Re: Is Earth the new Mars?

How quickly did the climate change when that KT Asteroid struck the  Gulf of Mexico 65 million years ago, the one that wiped out the Dinosaurs? I think mankind's presence has been considerably less disasterous than that.

How about when the Planet Thea impacted with the Earth and created the Moon. I think the climate change the Earth experienced then was considerably greater than the climate change now, and it occured much faster than it is now.

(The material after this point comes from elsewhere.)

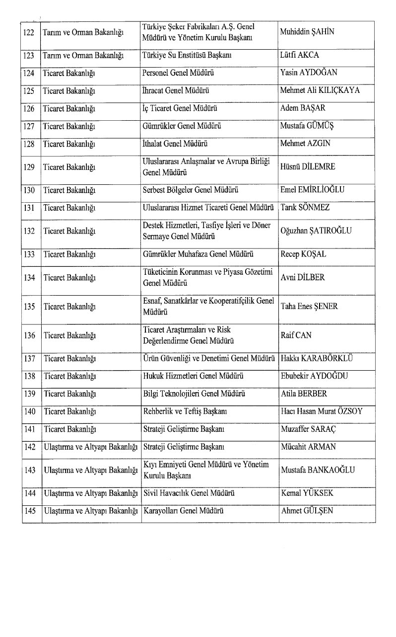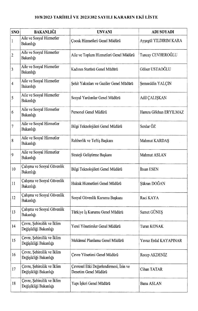 Kararlara göre, SGK Başkanlığı'na Raci Kaya, AFAD Başkanlığı'na Okay Memiş ve İŞKUR Genel Müdürlüğü'ne Samet Güneş, Nüfus ve Vatandaşlık İşleri Genel Müdürlüğü'ne, İbrahim Taşyapan; Teftiş Kurulu Başkanlığı'na, İbrahim Akın ve Sivil Toplumla İlişkiler Genel Müdürlüğü'ne, Mustafa İspirgil atandı.
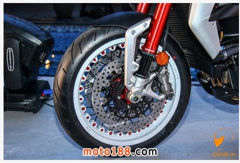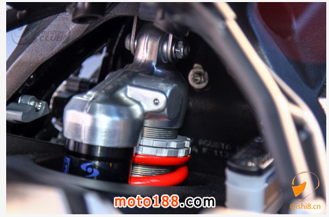前叉為43mm Marzocchi 倒立式前叉,并採用紅色陽極處理,吸睛效果一流

You see we're a part of Earth's ecology, it created us. Earth has created other creatures before and each time it has had disruptive effects on the ecology. The creation of humanity and the effects on the climate is still playing itself out. A warmer Earth is a more habitable Earth, don't believe me, try living in Antarctica sometime. Since I was in grade school I was taught that the Age of the Dinosaurs was a warmer lusher environment when the World had no ice caps and North America was dominated by a great inland sea - that doesn't sound like hotter and drier to me. I think the left-wing global environmentalists like to emphasize only the negative effects of global warming and deemphisize the positive results, its as if they want us to take certain action to prevent it from happening, but I think the picture they are presenting is far from balanced. They don't want us to think about "tropical breezes and palm trees" they want us only to think about desertification.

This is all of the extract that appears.